Report. Those living in the southern regions today have a life expectancy 1.3 years lower than in the center and northwest and 1.5 years lower than in the northeast, according to a new report.

Italy’s two healthcare systems: the South has worse care and more deaths

When it comes to health care, Italy is divided in two because of a poorly and thoughtlessly funded health system. And the authors of the report Un Paese due cure. I divari Nord-Sud nel diritto alla salute (“One Country, Two Kinds of Care. North-South gaps in the right to health”), presented last week in Rome by the Association for the Development of Industry in Southern Italy (SVIMEZ) together with the Save the Children NGO, predict that differentiated autonomy will further increase inequality.

In recent years, the main health indicators have improved (slightly) throughout Italy. But since progress is slower in the southern regions, the gap is only getting wider. For example, those living in the southern regions today have a life expectancy 1.3 years lower than in the center and northwest and 1.5 years lower than in the northeast.
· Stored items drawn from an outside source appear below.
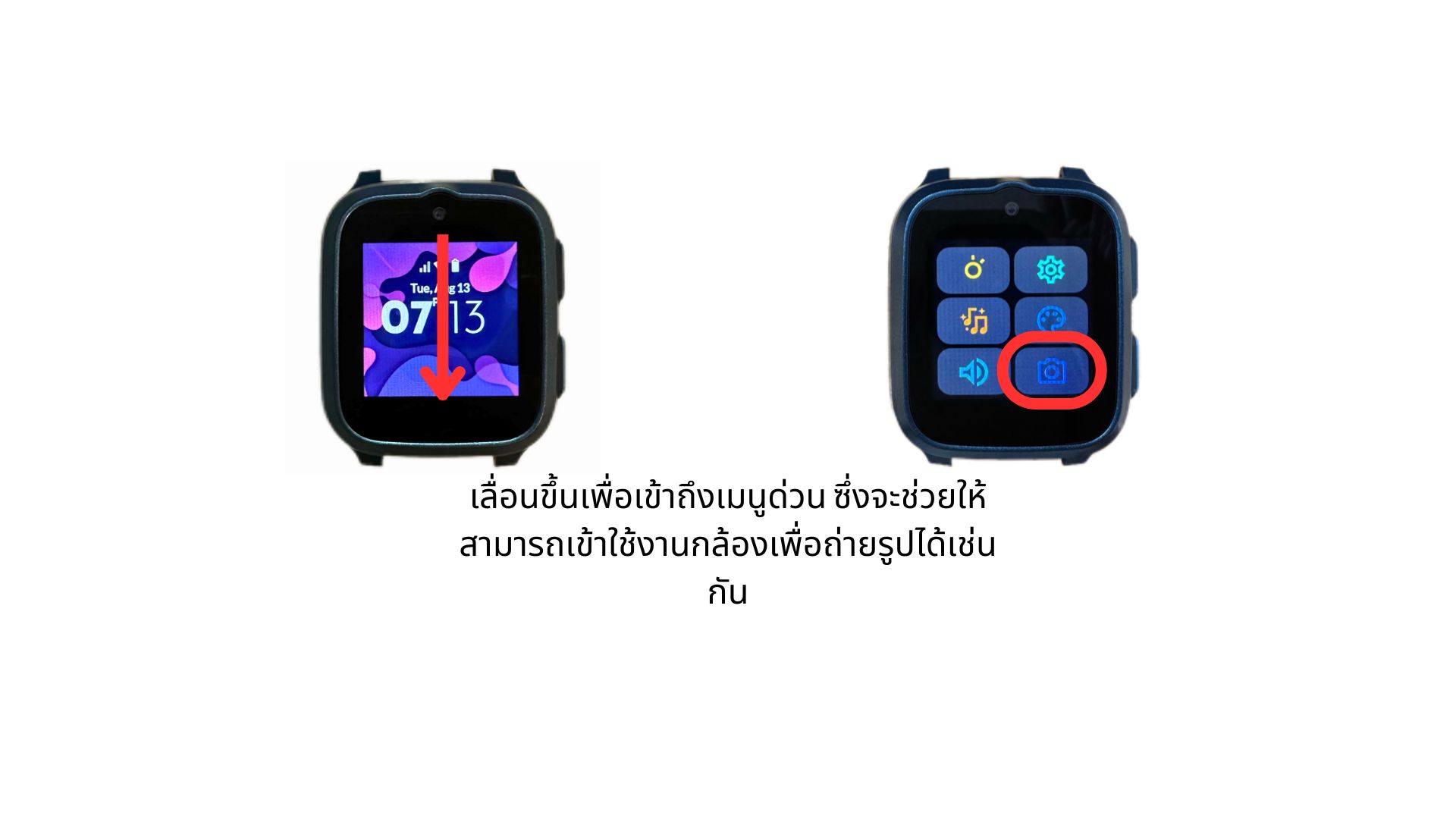 - เลื่อนขึ้นเพื่อเข้าถึงเมนูด่วน ซึ่งจะช่วยให้สามารถเข้าใช้งานกล้องเพื่อถ่ายรูปได้เช่นกัน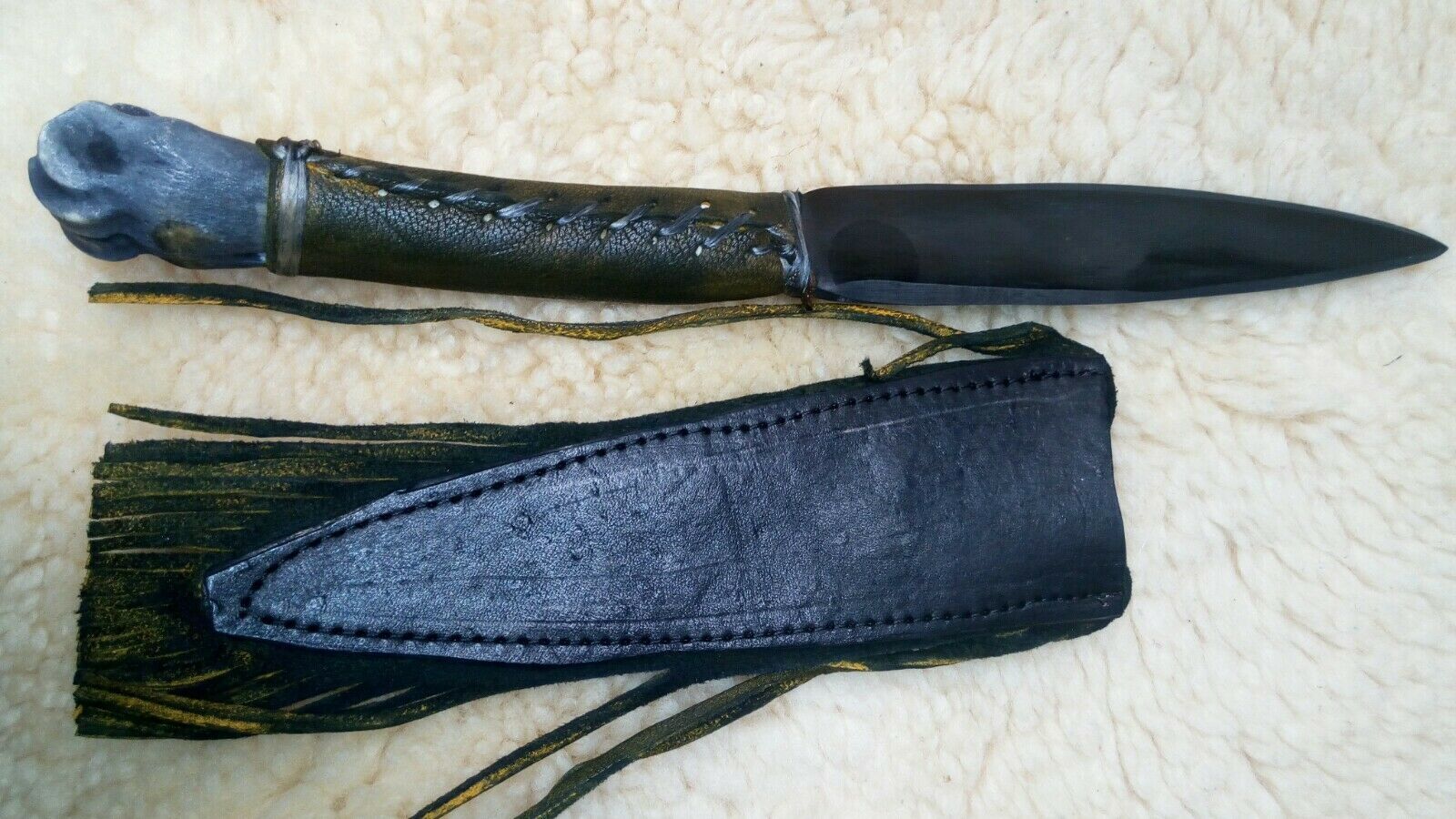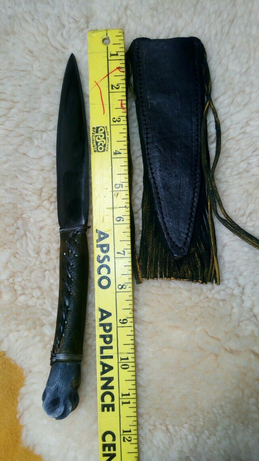 Buffalo horn blade and Deer Leg  handle Knife Powwow Reenactment Black Powder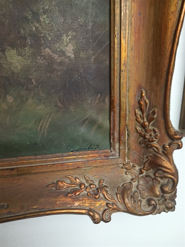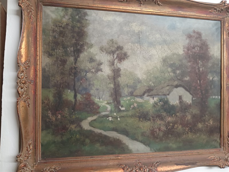J.Szabo , olej na plátně, krajina s chalupou. Obraz je v původním nerestaurovaném stavu . Krásný vyřezávaný rám . Vnitřní rozměry 80 x 60 cm.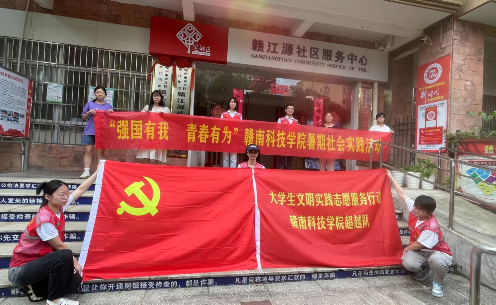 为深入学习宣传贯彻习近平新时代中国特色社会主义思想和党的二十大精神,贯彻落实习近平总书记关于青年工作的重要思想和关于教育的重要论述,引领广大青年学生坚定信念听党话、跟党走,在社会课堂中“受教育、长才干、做贡献”。6月29日-7月3日,江西省赣州市beat365正版唯一官网人文科学系辅导员牛英萍、吴鑫和大学生志愿者们组成志愿服务超越队赴江西省赣州市赣江源社区开展文明实践志愿服务活动。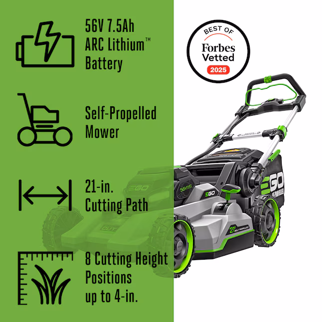 Powered by a high-efficiency brushless motor and a 56V ARC Lithium™ battery, this mower delivers performance comparable to gas-powered models, but operates quietly and cleanly. With a 10.0Ah battery, it can provide up to 75 minutes of runtime, allowing homeowners to complete full lawn jobs without frequent recharging.
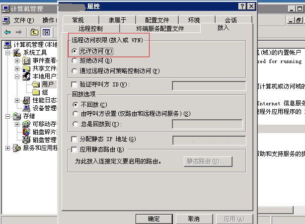 第十六步,至此在路由和遠(yuǎn)程訪問(wèn)中的配置就完成了。下面是添加VPN用戶的步驟,到計(jì)算機(jī)管理中添加一個(gè)用戶,作為VPN連接的用戶,把這個(gè)用戶放到Guest組下面,并在用戶屬性->撥入->遠(yuǎn)程訪問(wèn)權(quán)限中設(shè)置成“允許訪問(wèn)”。 然后就是在你自己電腦上新建VPN連接,進(jìn)行撥號(hào)測(cè)試了。要確定是否連接成功,請(qǐng)?jiān)L問(wèn)http://www.ip138.com等IP查詢網(wǎng)站,看是否顯示的是國(guó)外服務(wù)器的IP即可。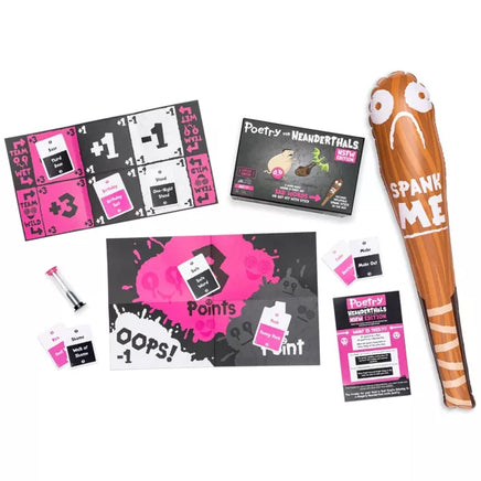 Poetry for Neanderthals: NSFW Edition is an adult party game similar to Taboo where players earn points by getting their teammates to guess words and phrases. The catch is that the “Neanderthal Poets” are only allowed to use single syllable words. If they use any words with more than one syllable, the other team gets to spank them with the 2-foot inflatable Spank Stick.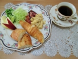 前記事の美味しい珈琲と共に、美味しいパンでの朝食 (^^♪ 前からこのブログをご覧いただいてる方には、お馴染みとなってきたテーブルマーク様の冷凍パン 今回いただいたのは、この秋新商品の「大人の朝食 デニッシュブレッドベーコン&チーズ」 具材に角切りベーコン、ナチュラルチーズ、プロセスチーズを… 2015/11/03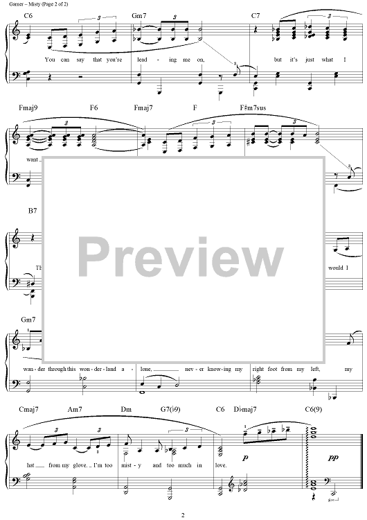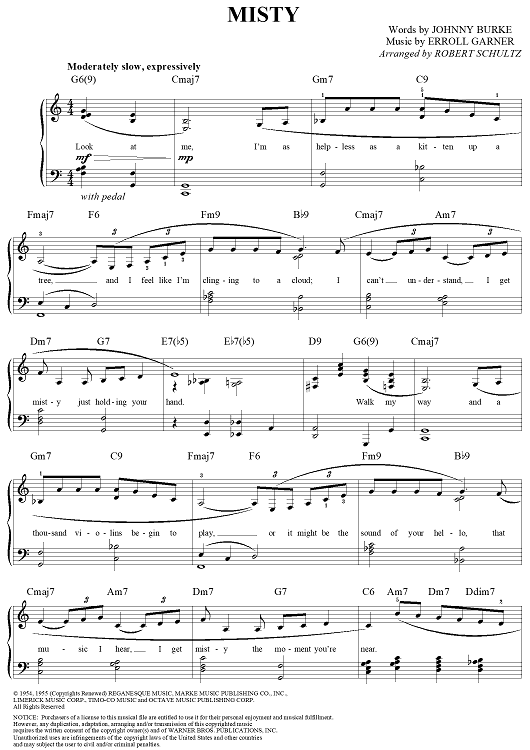 "Misty" Sheet Music by Erroll Garner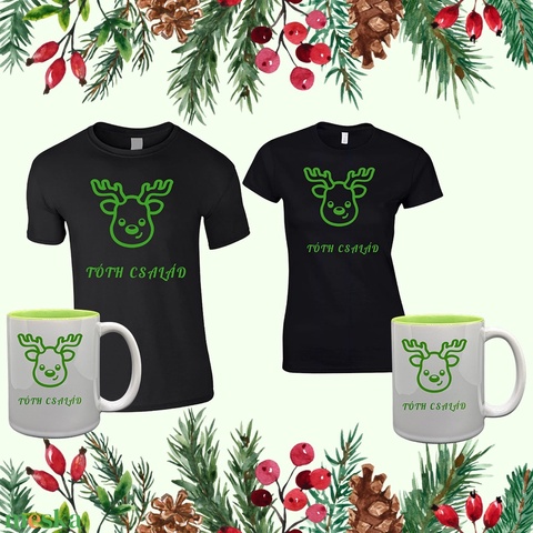 Rudolf Karácsonyi Póló és Bögre csomag egyedi névvel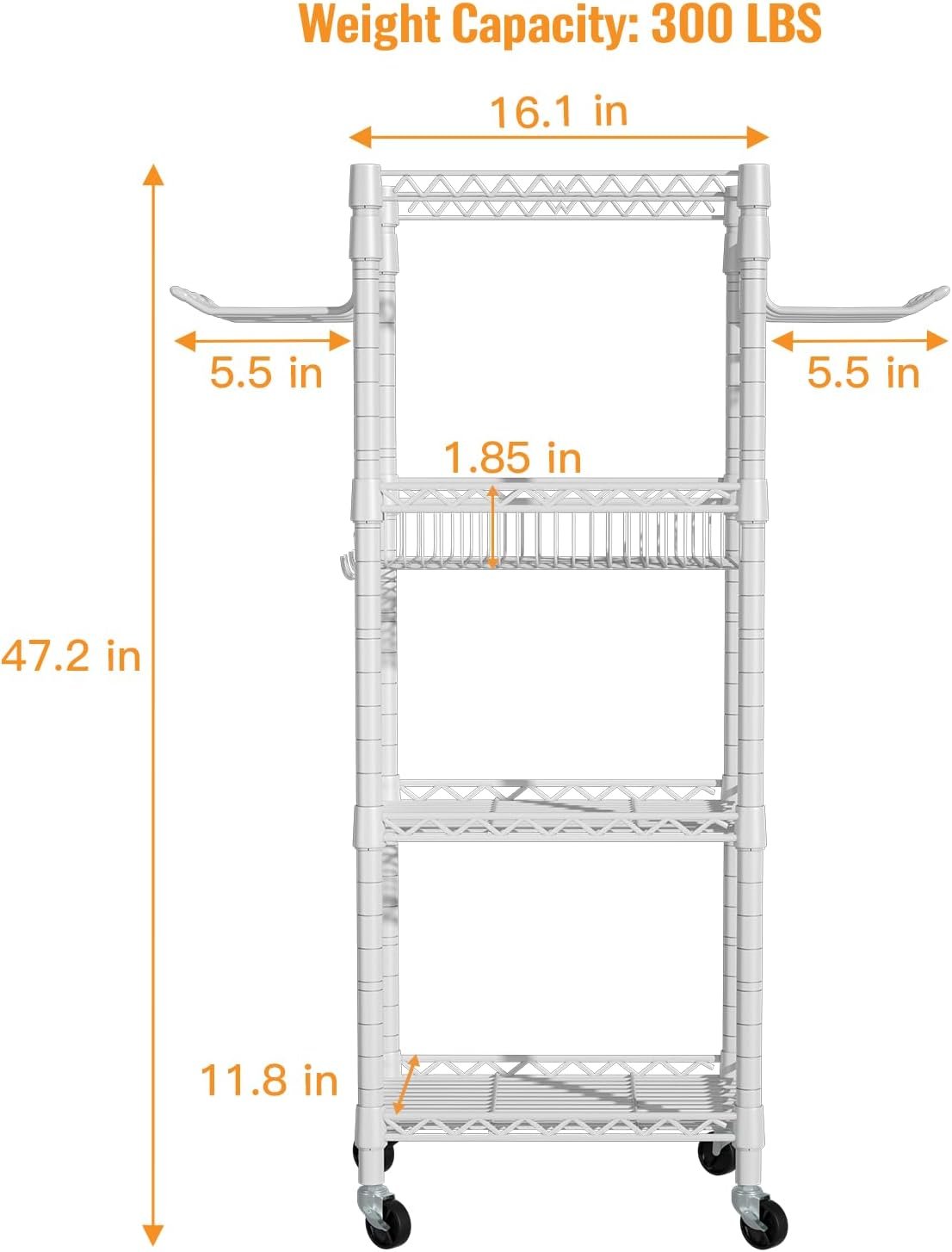Size & Weight Capacity: 36”W x 11.8”D x 32.5”H, the whole rack can hold 360 pounds. The yoga mat storage rack comes with 3 shelves, 1 wire basket, and 8 hooks, which can build an enough space for your workout equipment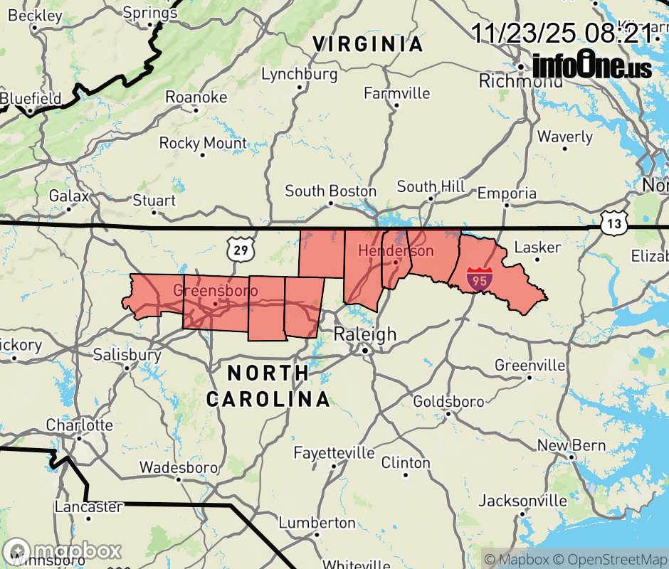 Canceled 11/23/25 10:00 AM Dense Fog Advisory issued November 23 at 8:19AM EST until November 23 at 10:00AM EST by NWS Raleigh NC * WHAT... Visibility of 1/4 mile in dense fog. * WHERE... Alamance, Forsyth, Granville, Guilford, Halifax, Orange, Person, Vance, and Warren Counties. * WHEN... Until 10 AM EST this morning. * IMPACTS... Low visibility could make driving conditions hazardous. * ADDITIONAL DETAILS... Conditions should begin to improve after 9 AM, and the fog should lift by 10 AM. ![]() |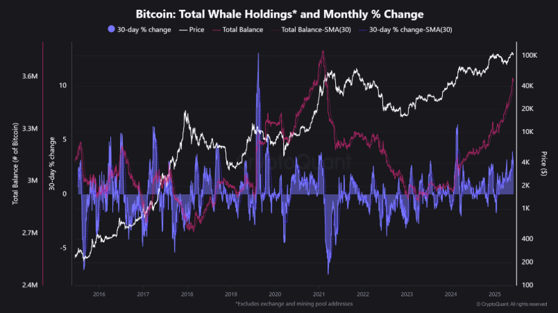 ! Toplam Bitcoin balina varlıkları | Kaynak: CryptoQuant"Bu endeks, borsa adreslerini ve madencilik havuzlarını hariç tutarak büyük sahiplerin gerçek bakiyelerini yansıtır. Bu, büyük yatırımcıların stratejik birikimi hakkında daha net bir bakış açısı sağlar. CryptoQuant analisti JA Maartunn, "Balina varlıklarındaki büyüme, genellikle uzun vadeli yükseliş döngüsünün ana itici güçleri olan kurumsal güvene ve güçlü temel talebe işaret ediyor" dedi.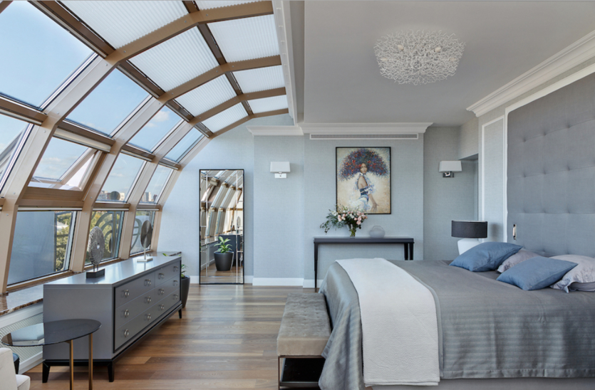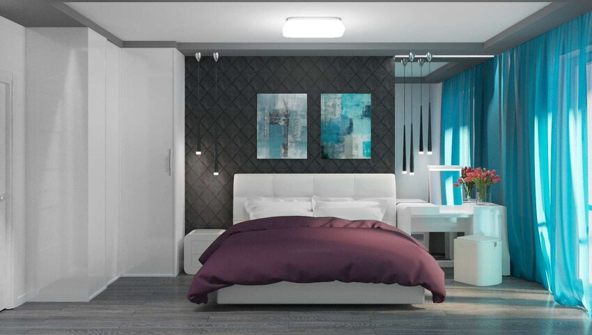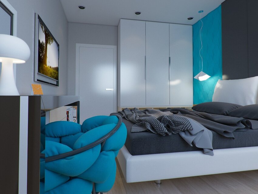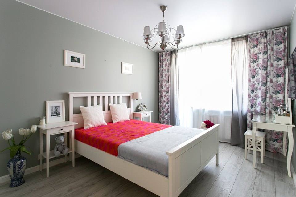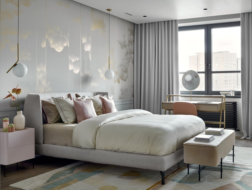А если оформить спальню в серо-голубых или, скажем, серо-сиреневых тонах, то яркая палитра поспособствует легкому пробуждению утром.

The same goes for avoidable mortality, i.e. deaths that could have been prevented through timely and effective care, which is significantly higher in the South (18 avoidable deaths per 10,000 inhabitants, compared with 14-16 in the rest of the country).

In recent years, a historic switch has also taken place: until 2010, the highest cancer mortality rates were in the northwestern regions, characterized by greater pollution and a less healthy lifestyle. In a little more than a decade, the situation has reversed: now the cancer mortality of women and men in the South is the highest in the country.

Less prevention also has something to do with it: only 12 percent of Calabrian women undergo periodic mammograms offered by the National Health System, compared with 75 percent of women in Emilia-Romagna. “Strengthening the universal scope of the National Health System is the way to make the constitutional right to health an effective reality,” says Luca Bianchi, director of SVIMEZ and the author of the report.

However, the trend is going in the opposite direction, starting with investment in public health and its distribution among regions. Overall, public spending on health is lower than in other similar countries.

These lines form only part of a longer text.